Maia Naveriani was born in Georgia in 1966. She studied under Gia Edzgeveradze before completing her training at the Academy of Fine Arts, Tbilisi. After moving to London she was nominated by Annely Juda Fine Art for the Vordemberger Gildewart Foundation international prize (1999), which she won. She has taken part in numerous solo and group exhibitions in both public and commercial spaces including Liverpool Biennal; Neues Kunstforum, Cologne; Museum Wiesbaden; Sirius Art Centre, Cork, where she was awarded a residency. She became a member of the group ‘Everything is Alright’, founded by Gia Edzgeveradze, taking part in many performances in public spaces including Neuer Berliner Kunstverein and Museum Kunst Palatz, Düsseldorf. Since 2004 she has been represented by Galerie Voss, Dusseldorf, as well as exhibiting at CoBra Museum, Amsterdam and Leonard Hutton Galleries, New York. She had a solo show, Future Wolves and Chicks so Far at Galerie Voss in 2012.
David Lillington is a writer and curator.
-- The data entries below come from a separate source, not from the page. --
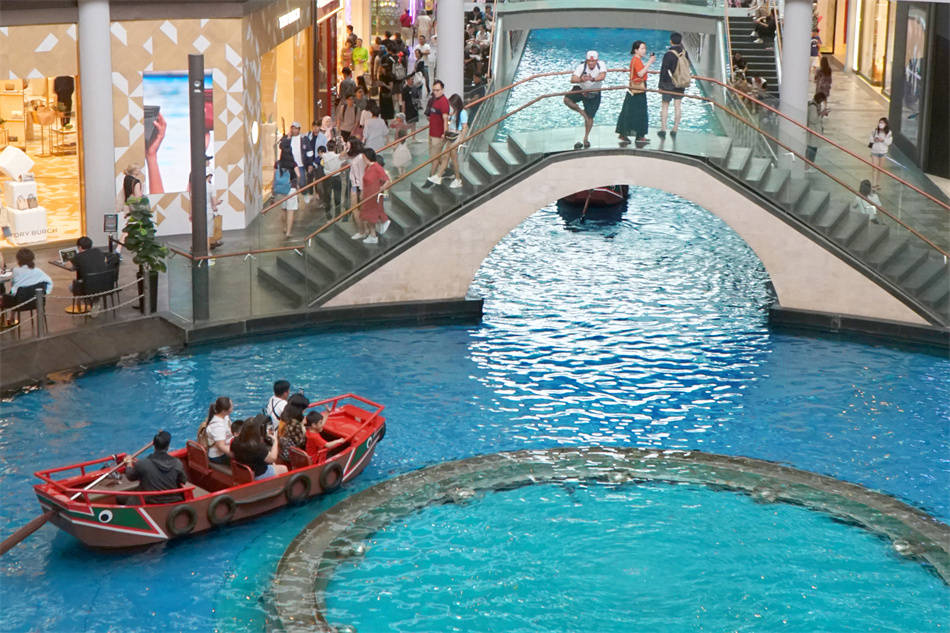 商场里人工河上刚朵拉小船往来其间,在澳门的威尼斯人那里也见过。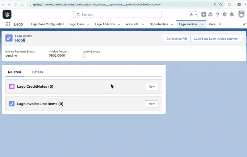 Now we can also get invoice pdf directly directly from Salesforce.- Go to Lago Invoice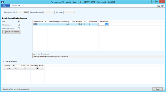 3. From Sales order form, press Inventory -> Reservation and press Reserve lot. Quantity is reserved.
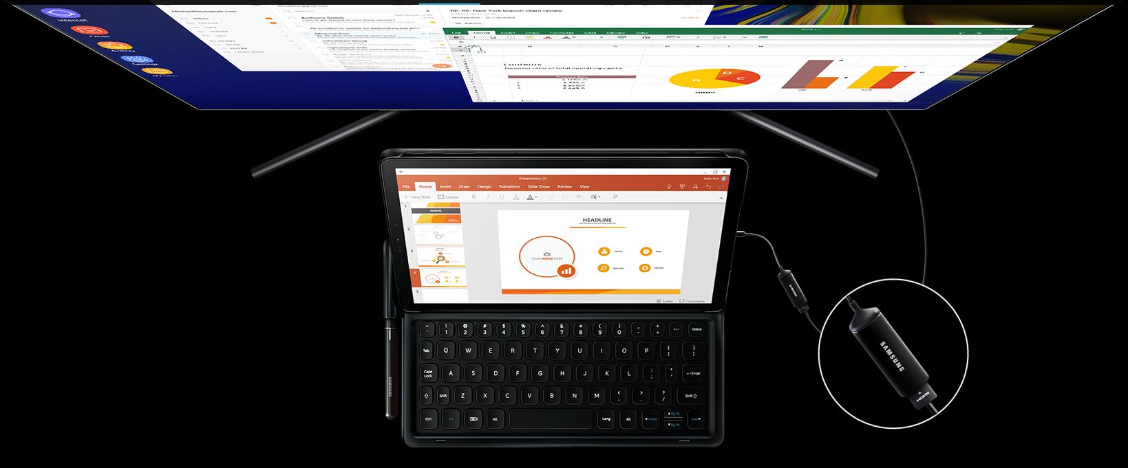 A grande surpresa, é que o Samsung Dex vem incorporado no tablet, você consegue ativar o modo que deixa praticamente como um PC portátil, como vimos nos smartphones ao conectar em um monitor com o acessório, já com o tablet, você consegue ativar este modo diretamente nele, ao conectar um mouse bluetooth e a capa teclado, vira praticamente um PC que você pode levar a todo lugar. Você ainda pode utilizar o Samsung Dex em seu monitor ou TV, será disponibilizado um adaptador HDMI vendido separadamente.

Recent writings include pieces for Art Review online, Art Monthly and a catalogue for painter Mark Francis. In September 2014 he curated Death and Dying / Tod und Sterben in Vienna at MAG3 Projektraum, an exhibition featuring 42 artists, comprising an exhibition, performances and video screenings. Since 2009 he has been researching the relationship between art and death, and is a member of the Association for the Study of Death and Society. He has given several talks at death studies conferences, including the biennial Death, Dying and Disposal. In 2012 he was Curatorial Advisor for the exhibition Death: A Self-Portrait: the Richard Harris Collection, at the Wellcome Collection.